Given its professionalization time, it is one of the most successful football teams in Pará (excluding the RE-PA-TU trio) if considered the Campeonato Brasileiro Série C and Série D, where it added 11 participations, being the sixth highest scorer in the Campeonato Brasileiro Série C between 2009 and 2015. Among its greatest glories are two regional championships, in 2000 and 2002, currently known as editions of the "Copa Meio-Norte" (Mid-North Cup). In 2023, the club was state champion for the first time, having also been runner-up in the Campeonato Paraense in 2008 and 2010.

The number of sympathizers of the team generally puts them between the third and fourth largest crowd in Pará, being the largest in the interior of the state. In football, the club plays at the Estádio Municipal Zinho de Oliveira, nicknamed the "Ninho das Aves" (Birds’ Nest).

Men's football is Águia de Marabá's most traditional modality, although there are teams for women's football, futsal (both sexes), basketball (both sexes) and volleyball (both sexes).

==History==
Águia de Marabá Futebol Clube was founded on January 22, 1982, under the name of Águia Esporte Clube and had as its first president the sportsman Emivaldo Milhomem, who had the support of Valtemir "Bezourão" Pereira Lima to found the association. The team had been created to compete in the Campeonato Marabaense Second Division of that year. The team was composed of amateur players, the most notable being: Déca, Gamito and Keneddi.

The team won the Campeonato Marabaense Second Division title in 1984, which gave the team the right to compete in the Campeonato Marabaense First Division the following year.

=== Early years and professionalization ===
At this stage of its history, Águia had José "Zé" Atlas Pinheiro as president. During this period, the team won three municipal championships — in 1989, 1992 and 1993 —, as well as four runners-up championships — in 1988, 1994, 1996 and 1998. At the last vice-championship, Águia's president was already Jorge Nery, who, sought by councilor Sebastião "Ferreirinha" Ferreira Neto in 1999, agreed to professionalize the team. The proposal gained support from the then president of the Federação Paraense de Futebol (FPF; Pará Football Federation), Coronel Nunes [pt], from the Companhia Vale do Rio Doce (Doce River Valley Company; today Vale) and from the local business community.

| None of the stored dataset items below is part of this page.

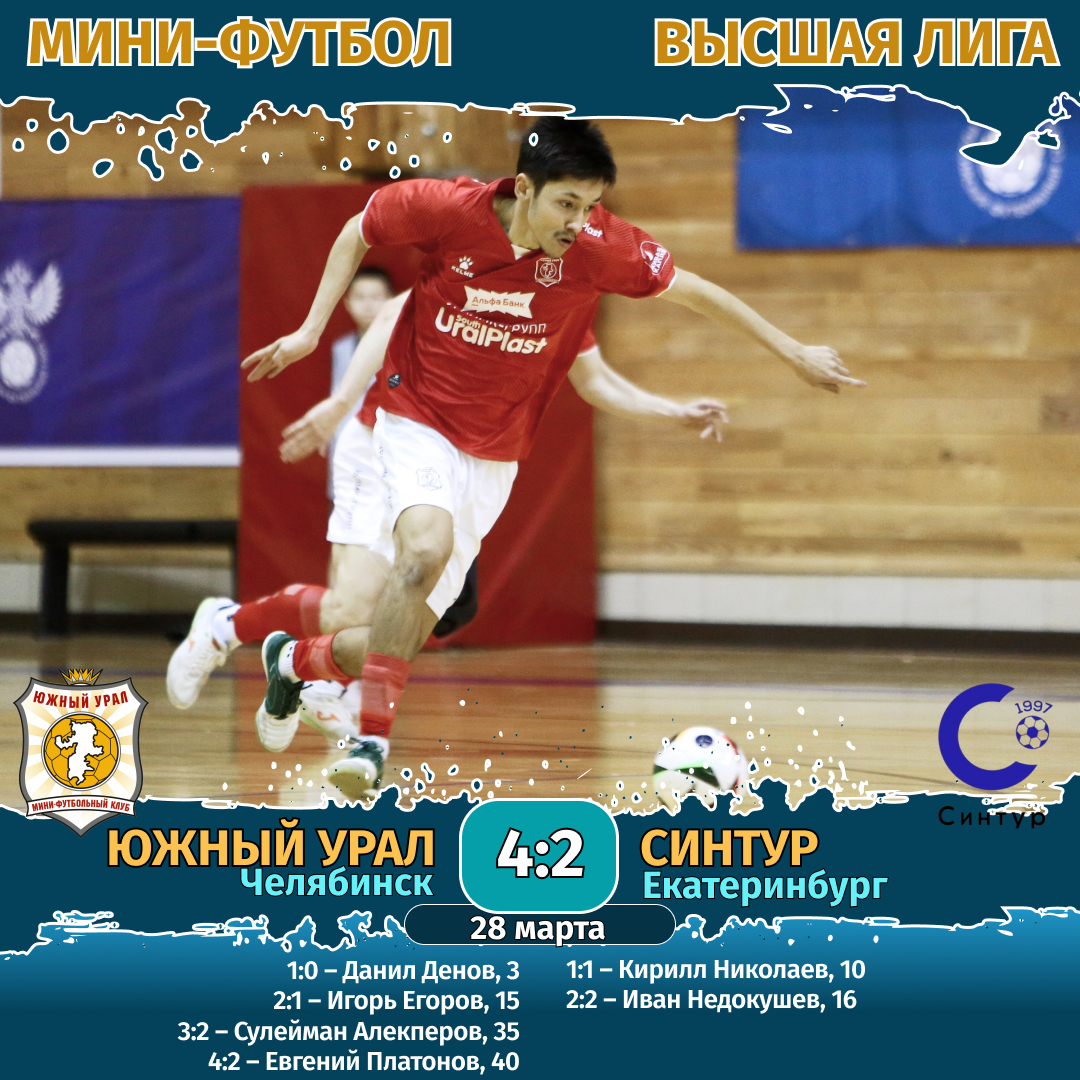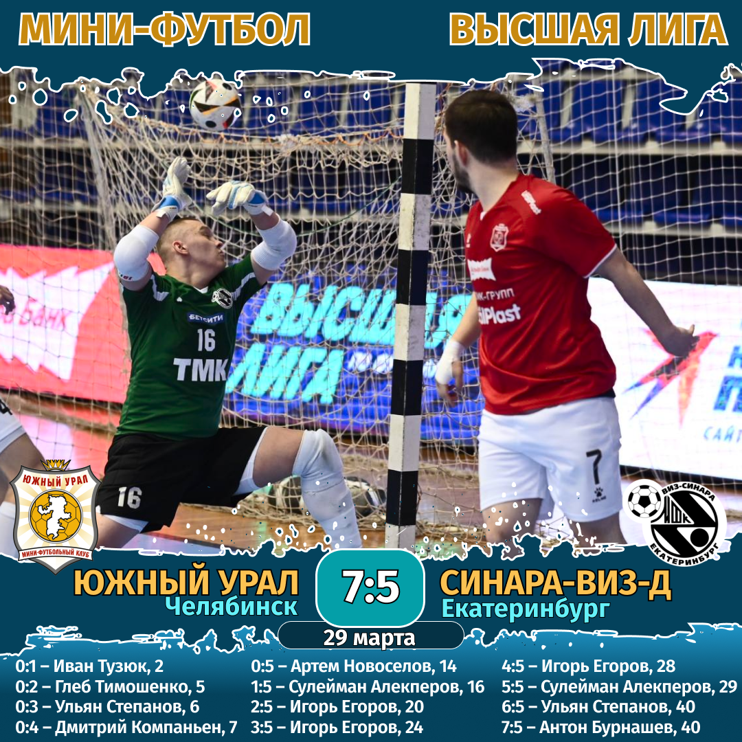 На следующий день, 29 марта, МФК «Южный Урал» сыграл еще один матч с соперниками из Екатеринбурга. На сей раз с клубом «Синара-ВИЗ-Д». Эта игра стала украшением всего чемпионата Высшей лиги. Гости здорово начали поединок, забили к 14-й минуте аж 5 безответных голов! Казалось, все… На этом можно ставить точку.
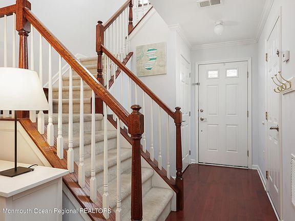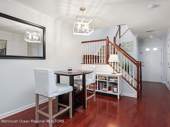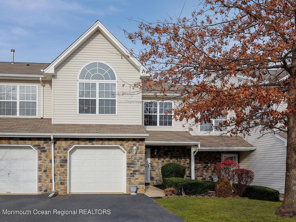WELCOME HOME to this spectacularly maintained townhome in the desirable Fox Chase of Tinton Falls! Welcoming foyer leads to an open concept layout, accented by recessed lighting and ample natural light. Spacious family room opens to the dining area and kitchen, featuring white cabinetry, granite countertops and stainless appliances. An additional dinette area grants back patio access to enjoy your outdoor space. Primary bedroom with vaulted ceiling provides a private, ensuite bath with glass shower, double vanity and soaking tub. 2 additional bedrooms, hall bath and laundry area complete the upper level. Additional highlights include a direct entry garage, decorative millwork and fresh paint. Minutes to the Garden State Parkway, swift NYC commuter access, shopping, dining and the Shore!
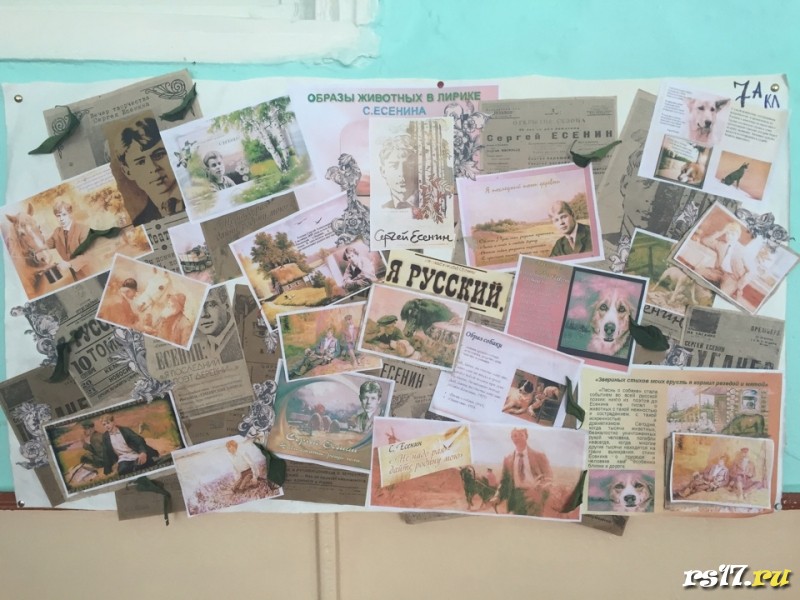 7а класс приняли активное участие в недели КТД "Без России не было б меня..."- посвященное 120 летию со дня рождения Сергея Есенина. Ребята сделали видео ролик на стихотворение С.Есенина Дай, Джин на счастье лапу мне.Режисер фильма Кожевников Никита. Читает стихотворения Тютюнников Виктор. В роли собаки выступает хаски Жеррар. Сьемка фильма прошла на одном дыхании три видеорепортера снимали с разных ракурсов, были и костюмеры и гримеры. Ребята подошли к работе с интересом и энтузиазмом поэтому и получился такой замечательный фильм.Ссылка на видео https://youtu.be/gZSLgReKteg. Также дети сделали коллаж посвященный Юбилею С.Есенина "Образы животных в лиреке С.Есенина. Коллаж получился яркий насыщенный информацией, который можно рассматривать и познавать.
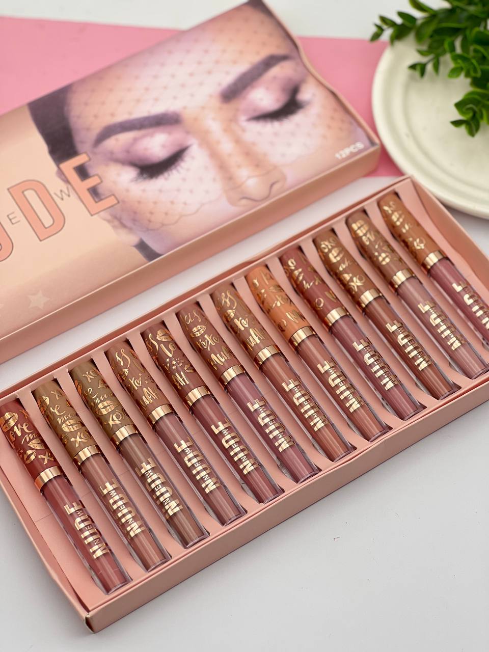 پک ۱۲ عددی رژ لب مایع مات | رنگهای متنوع و شیک
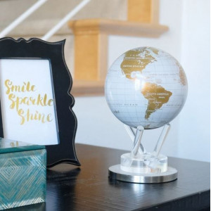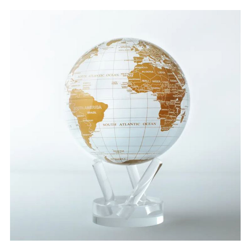 If luxury is your style, this Mova globe design is sure to please. The White & gold Mova globe brings a contemporary, clean-cut feel to the traditional globe design. Its sleek design perfectly fits the decorative trend.

In the 1999 Campeonato Paraense [pt], Águia’s debut competition as a professional team, the team finished among the top six clubs, with a strong squad, of which stood out: Marcos Garça, Damião, Berg, Paulinho Santarém, Gilberto Pereira, Maurinho and Corujito; the latter scored three goals in the competition and became the team's top scorer in the championship.

In 2000, the following year as a professional, Águia won the title of the Copa Ferreirinha (the first edition of the "Copa Meio-Norte" [Mid-North Cup]), a tournament created to honor the idealizer of the team's professionalization, played by teams from Pará and the states of Maranhão and Tocantins, in addition to the host team, which in the following year was in second place in the tournament, having lost the final to Clube do Remo.

In the 2000 Campeonato Paraense [pt], the team placed fifth in the championship and became runner-up of the interior, and in the 2001 edition [pt], although it ended up again in sixth place, it was finally crowned champion of the interior, a symbolic title given to the best classified interior team in the Campeonato Paraense. Precisely due to this good performance in the 2001 state championship, the team from Marabá was guaranteed the right to compete in the 2001 Campeonato Brasileiro Série C (the third division of Brazilian football), where they had discrete performances, however, above the expectations of the board and Águia fans.

=== Decade of consolidation: 2002–2012 ===
In 2002, the team did not have a good participation in the state championship [pt] as well as in the Série C, and ended the season being coached by football director João Maria Galvão Gonçalves. However, under the command of Galvão, the team won the Maranhão-Pará-Tocantins Cup (the third edition of the "Copa Meio-Norte" [Mid-North Cup]) title.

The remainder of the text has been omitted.